**Work required**
Reproduce each line, exactly, from the one containing "Server ログインパスワード に書き換え※パスワードは半角英数字で入力し、大文字と小文字を正確に区別してください" through the end of the material. Exclude pictures.

**Source material**
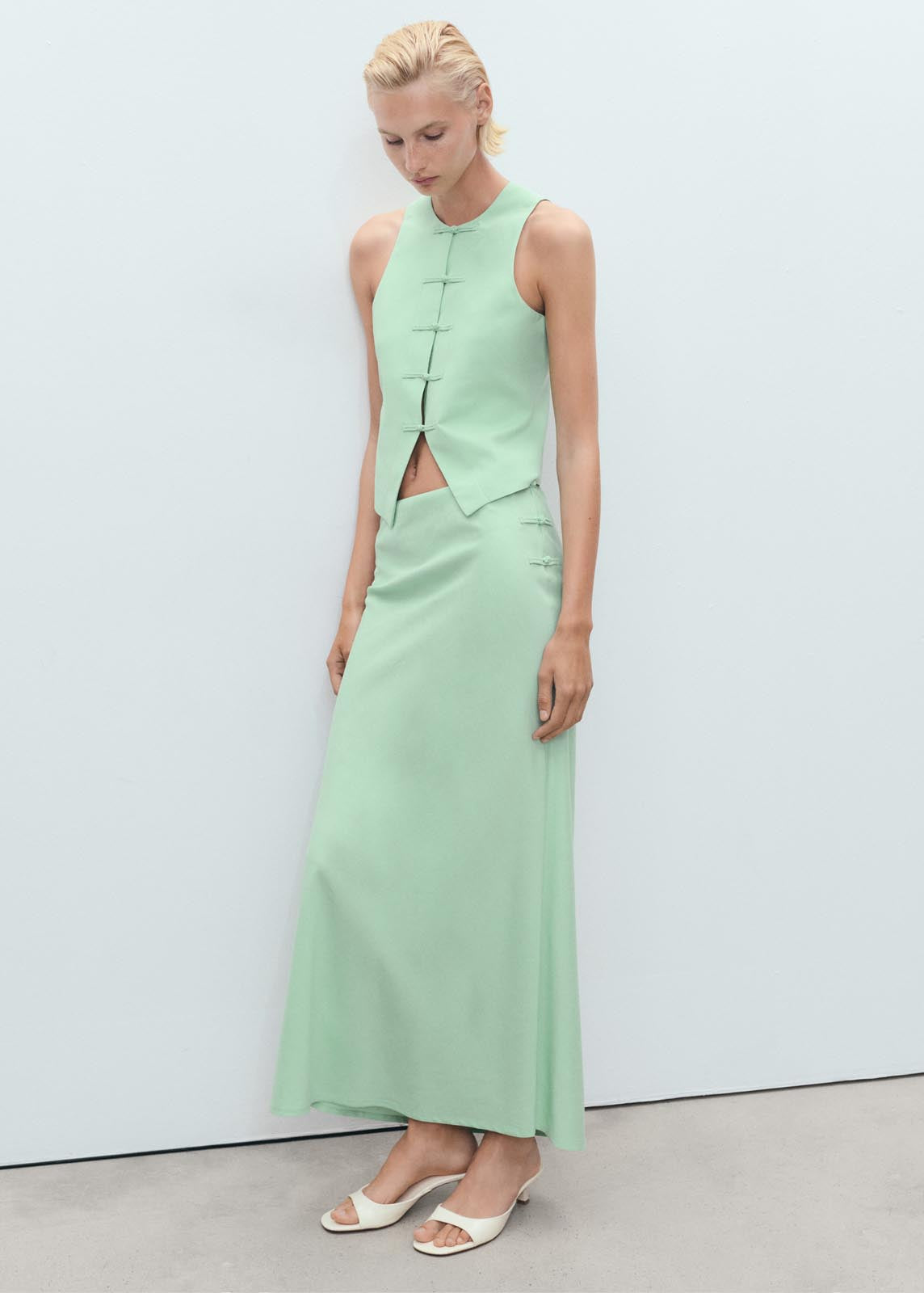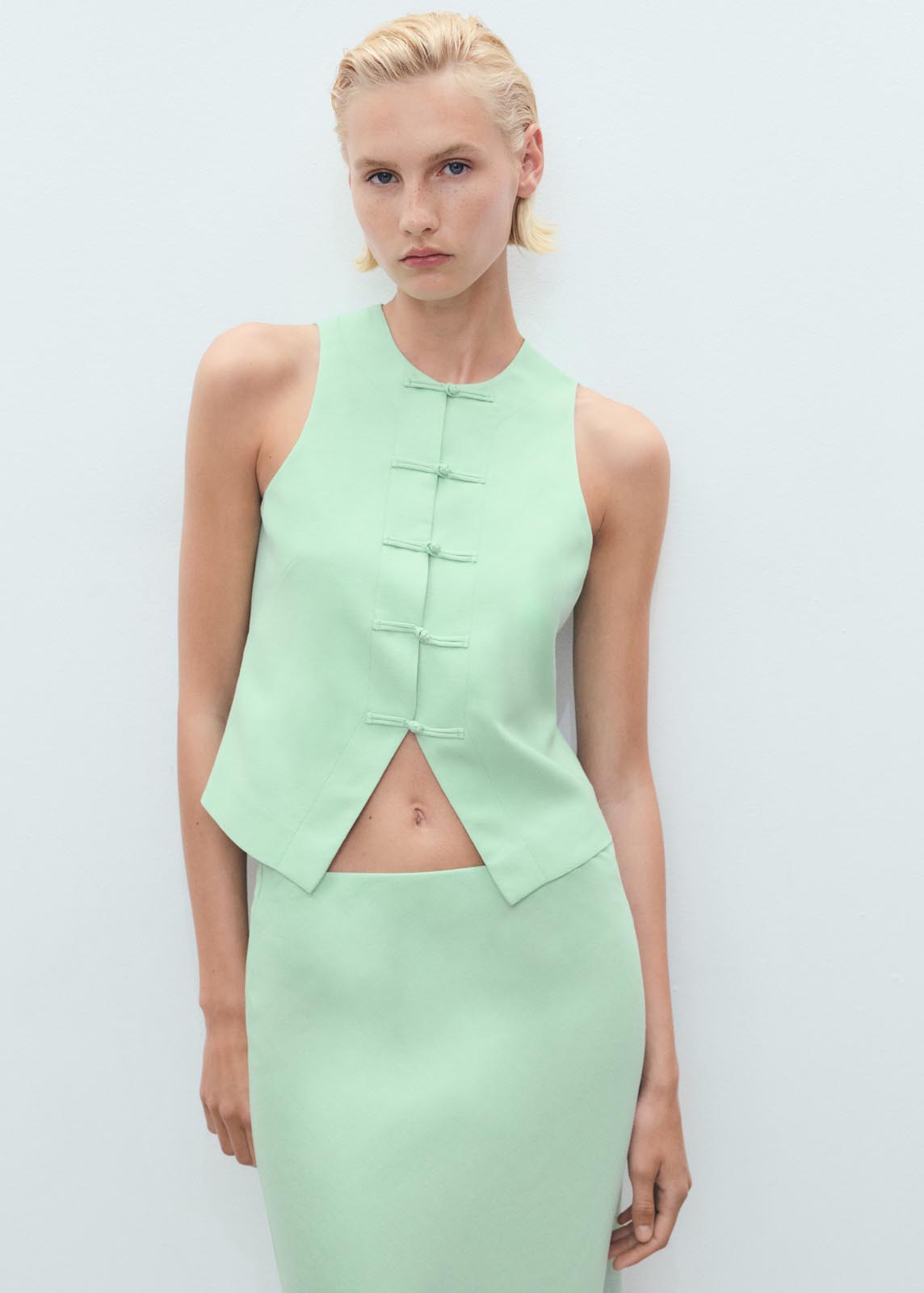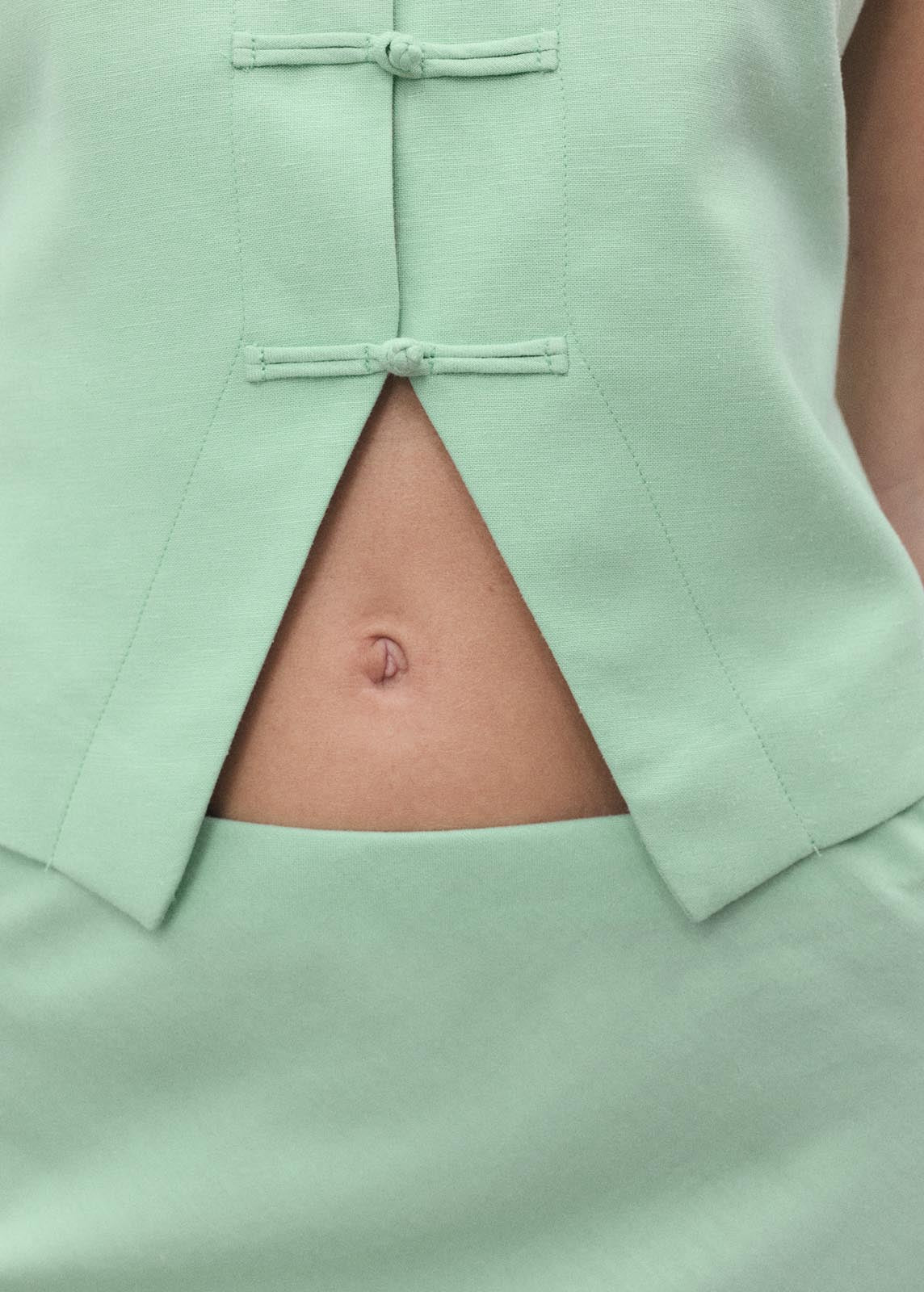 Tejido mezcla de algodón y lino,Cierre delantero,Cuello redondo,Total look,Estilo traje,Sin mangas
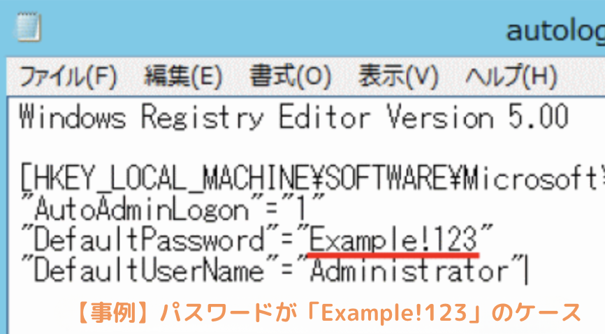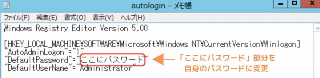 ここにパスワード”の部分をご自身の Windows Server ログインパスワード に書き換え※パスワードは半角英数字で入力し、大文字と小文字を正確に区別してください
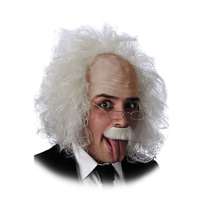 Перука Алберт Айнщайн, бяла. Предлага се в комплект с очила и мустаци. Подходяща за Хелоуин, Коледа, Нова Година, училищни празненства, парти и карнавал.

**Task output**
 ここにパスワード”の部分をご自身の Windows Server ログインパスワード に書き換え※パスワードは半角英数字で入力し、大文字と小文字を正確に区別してください
 Перука Алберт Айнщайн, бяла. Предлага се в комплект с очила и мустаци. Подходяща за Хелоуин, Коледа, Нова Година, училищни празненства, парти и карнавал.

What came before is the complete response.